The Supreme Court's recent rulings upholding Indiana's voter ID law and Kentucky's use of lethal injections reflect a subtle but profoundly important shift in how the justices decide constitutional questions. In the past, the court was willing to strike down laws before they went into effect out of concern that the rights of some people might be violated. For example, the justices used that approach to void laws that regulated abortion or restricted pornography on the Internet.
But since Chief Justice John G. Roberts Jr. joined the court three years ago, that approach has been cast aside. Broad and sweeping attacks on state laws have met with defeat.
Instead, Roberts and his colleagues have been sending a new, sterner message to legal advocates: Produce evidence that a law has actually violated someone's rights, and name names if you can. Only then might the court rule that a law is unconstitutional for those in the same situation.
The high court's newfound skepticism toward broad legal challenges was on display Monday when the justices, in a 6-3 decision, upheld Indiana's law requiring voters to show photo identification at their polling places.
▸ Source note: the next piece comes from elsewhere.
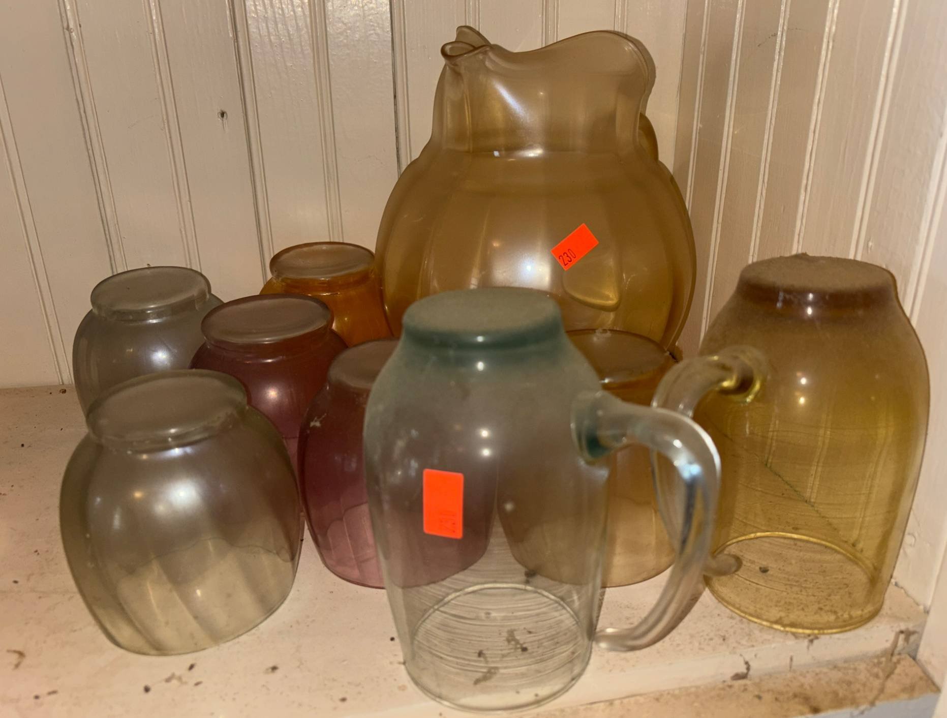 230 Iridescent Glass Pitcher with 8 Matching Glasses 4” – 10.5” H

As with recent rulings rejecting broad challenges to laws on "partial-birth" abortions and lethal injections to carry out the death penalty, the court ruled that the plaintiffs had failed to prove their cases. In Indiana, for example, the challengers did not point to a single voter who had been deterred or discouraged from casting a ballot because of the need to obtain a photo identification from the state.
Roberts assigned Justice John Paul Stevens, often the court's strongest liberal voice, to write the lead opinion upholding the law. With a tone of frustration, Stevens said the challengers had "advanced a broad attack on the constitutionality" of the measure by the Indiana Legislature, but failed to muster any hard evidence.
A lawsuit might have focused on elderly and disabled people who do not drive, or those who live in nursing homes. But they are entitled to vote by mail, and therefore do not need the photo ID.
"On the basis of the record that has been made in this litigation, we cannot conclude that the [Indiana] statute imposes excessively burdensome requirements on any class of voters," Stevens wrote.